Home Markets Energy: On The Ropes Again

Energy: On The Ropes Again


If you are putting together a list of the five worst performing groups in 2017, look no further than the S&P 500 Energy Sector. The Index fell 13% in the first half and it hasn’t gotten any better since then.

If you had the misfortune of owning crude, the current per barrel price around $46 has fallen 18%. It wasn’t that long ago that a barrel of crude commanded the fat sum of $105. But then it was only last year it was at a lowly $26.

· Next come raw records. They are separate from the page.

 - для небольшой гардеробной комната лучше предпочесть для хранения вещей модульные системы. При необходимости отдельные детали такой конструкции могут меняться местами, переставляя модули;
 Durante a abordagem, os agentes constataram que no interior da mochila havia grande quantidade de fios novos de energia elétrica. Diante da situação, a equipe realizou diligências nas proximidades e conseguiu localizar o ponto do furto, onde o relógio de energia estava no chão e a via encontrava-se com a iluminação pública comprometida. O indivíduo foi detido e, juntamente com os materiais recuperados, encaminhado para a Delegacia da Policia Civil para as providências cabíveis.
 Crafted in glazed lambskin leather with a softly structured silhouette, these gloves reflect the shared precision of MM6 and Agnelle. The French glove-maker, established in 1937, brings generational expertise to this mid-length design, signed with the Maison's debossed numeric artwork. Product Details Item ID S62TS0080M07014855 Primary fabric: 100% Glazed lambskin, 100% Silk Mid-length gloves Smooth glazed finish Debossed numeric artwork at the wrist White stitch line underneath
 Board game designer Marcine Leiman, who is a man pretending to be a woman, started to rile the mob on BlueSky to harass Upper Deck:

The energy world has never seen such volatility in prices. Does this mean that traditional and conservative investors should continue to avoid putting money in this area? Great question, let’s take a look.

The Ripple Effect

There are plenty of people cheering over the present state of energy. Oil plays a key role in the determination of other prices. Lower crude means less inflation; perhaps even deflation. This is good for food prices, transportation and just about everything else. For the average consumer it can be like getting more dough in their paycheck.

But investors may not be cheering so fast. Energy earnings are an important component of total corporate earnings. Wall Street is all about earning expectations and one analyst Christine Short who works with Estimaze claims that if oil stays low and energy company earnings are hurt, growth expectations for the market could be cut in half. Let’s hope that Christine turns out to be overly pessimistic.

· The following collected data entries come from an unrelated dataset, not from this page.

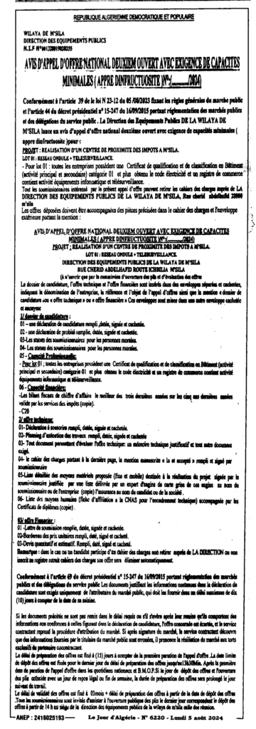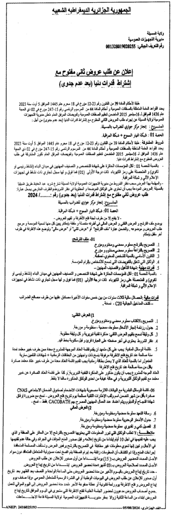 إعلان عن طلب عروض ثاني مفتوح (بعد عدم جدوى) إنجاز مركب جواري للضرائب يالمسيلة/ مديرية التجهيزات العمومية لولاية المسيلة
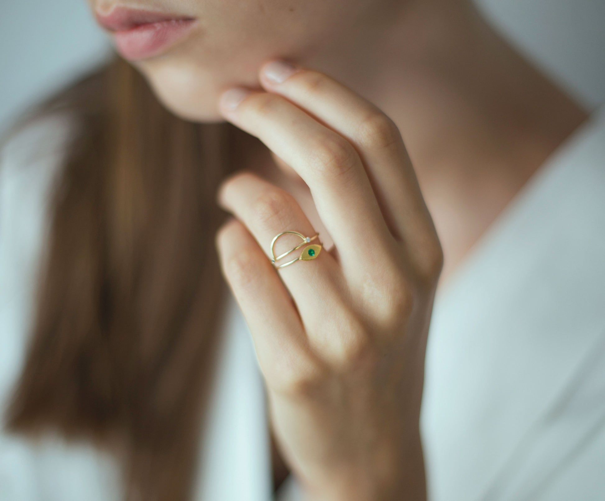 18kt. gold ring with 24kt. gold eye and 0,05ct. diamond. The pure 24kt. gold gives a special soft look.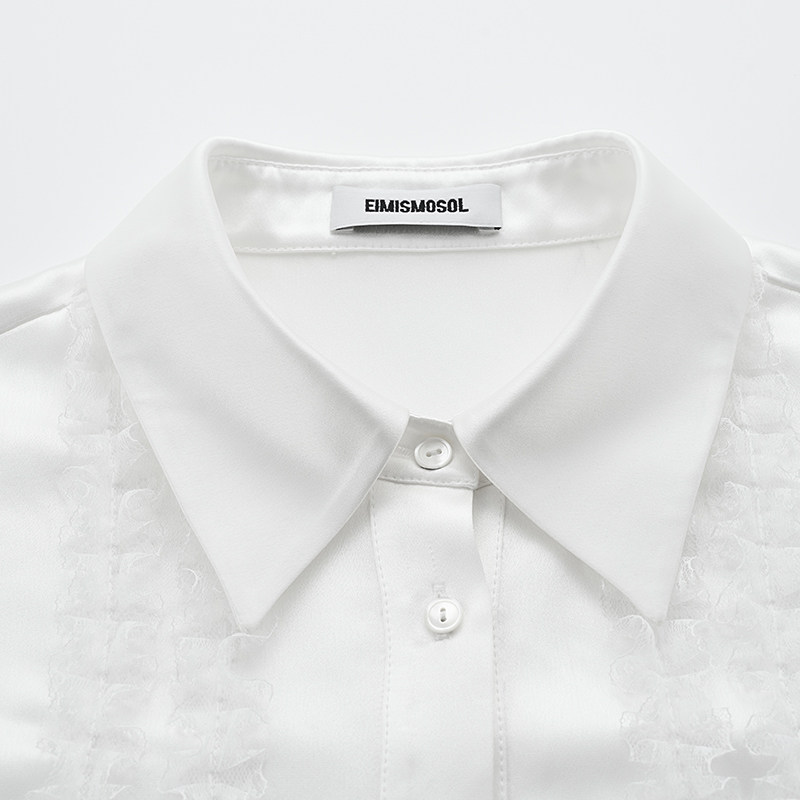 Eimismosol夏季新款白色衬衫女长款长袖蕾丝拼接醋酸宽松上衣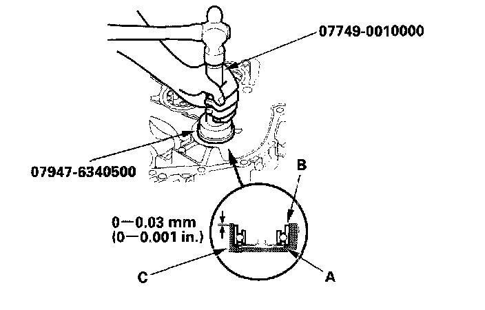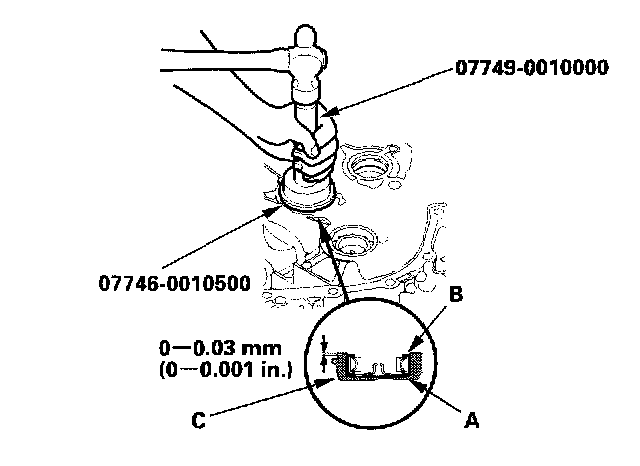 3. Install the new bearing (B) into the housing (C) with the special tools.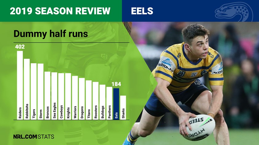 A feature of his game was a lack of hesitation from dummy-half whether passing, running or kicking. He was certainly selective when running, with the Eels registering the second-lowest dummy-half runs (7.7 per game) and third-lowest dummy-half run metres (71m per game).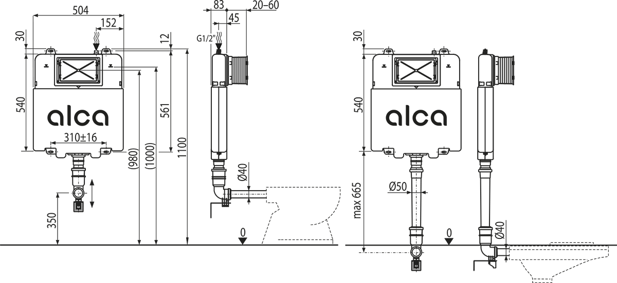 Podłączenia wody od tyłu lub od góry otworami montażowymiG1/2 "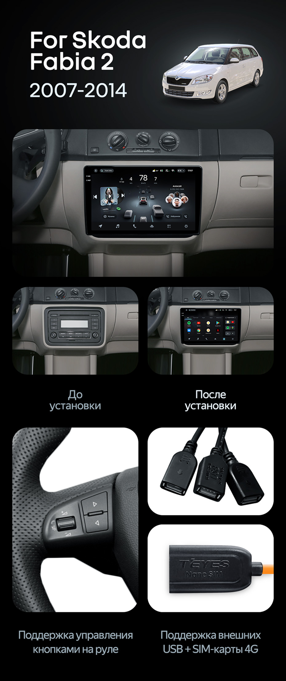 Штатная магнитола Teyes CC4L 6/64 Skoda Fabia 2 (2007-2014) - купить всего за 30 800 руб. в интернет-магазине в Йошкар-Оле Teyes.com.ru. ✓ Самый лучший выбор мультимедиа ✓ Лучшая замена штатному ГУ ✓ Тел. +7 (800) 775-31-74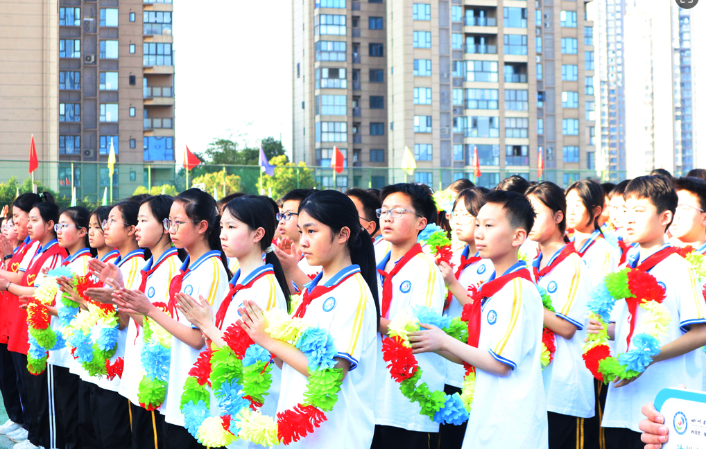 上午8时,伴随着激昂的《运动员进行曲》,入场式正式拉开帷幕。国旗方队、校旗会旗方队、彩旗方队、花环方队率先入场,同学们精神抖擞,步履铿锵,象征着全区青少年蓬勃向上的精神风貌。随后,裁判员方队、运动员方队、志愿者方队依次出场。队员们身着统一服装,高喊嘹亮口号,展示着青春与运动的活力。入场式解说员热情洋溢,将各校的办学特色与校园风采娓娓道来,现场报以阵阵掌声。
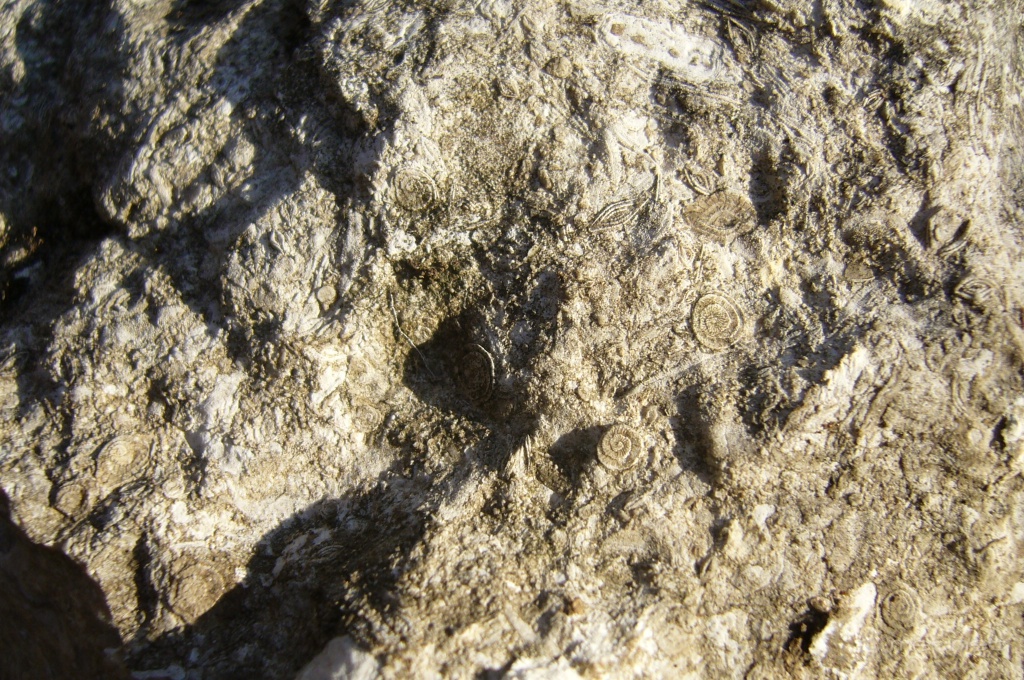 | Leírás: Eocén korú óriás egysejtûek (Nummulites nemzetség) és egyébb édesvizi élõlények maradványai. | |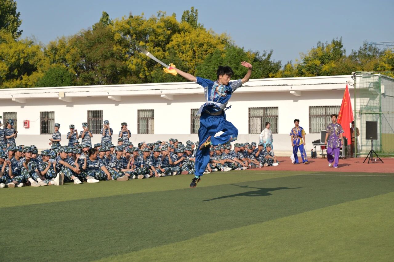现场互动频繁,氛围热烈。当熟悉的旋律响起,不少新生情不自禁跟唱;舞蹈节目节奏明快,台下掌声与节拍同频共振;武术表演引发阵阵喝彩。在节目尾声,师生齐声合唱《我和我的祖国》,场面壮观而感人。很多新生表示,这样的文艺演出不仅缓解了训练的疲惫,也让他们在歌声和掌声中感受到学校的温暖和集体的力量。2025级体育教育专业新生余翰林说:“这是我第一次在军训场上看演出,也是第一次这么近距离感受到艺体学部的魅力,太震撼了!”

With new highs being marked nearly every week, this would not be good, to say the least.

Fracking: Disrupting The Global Economy

One of the major causes of crude price volatility is hydraulic fracturing or fracking. You will remember from your college course Fracking 101, what is involved is extracting energy from rock using high-pressure injections of water and chemicals.

Fracking is environmentally very controversial but that has not stopped the industry of buying its way into mainstream America. Sure it has had something to do with the record number of earthquakes in Oklahoma where fracking has been roaring ahead. And there are those questions about the safety of ground water near the drilling fields.

Facts of daily life like earthquakes and poisonous water are the kinds of things that get called fake news. Powerful industries can get away with it. For backers of the fracking phenomenon, it is changing the world on the way to making America great again.

US Reemerging Oil Exporter

In 2014 the United States began exporting oil for the first time in more than 40 years. Output from fracking is what made this possible. It’s no longer places like Eagle Ford Texas or Bakken, North Dakota that are getting investment attention.

Everyday there are announcements from spots in Pennsylvania, Ohio, Kentucky and elsewhere about new energy initiatives.

The economics of hydro fracking are comparatively fast and simple. Compare the time and cost of offshore drilling for energy and you start to appreciate the appeal of fracking.

One of it’s advantages is the low cost and short lead time to the start of production. Whereas offshore exploration might need prices of $60-$90 per barrel, experts have place the trigger price for fracking between $40-$50.

It’s More Complicated

It would be more than a bit naïve to suggest that the entire global energy quotient is determined by fracking. However it is worth noting that over the past two years, the trading range of crude has ranged between $43 and $57 and this matches the trigger price for fracking production.

Any boost to corporate profits this year may not be coming from the energy sector. This is just something to keep in mind when trying to figure out this record high equities market.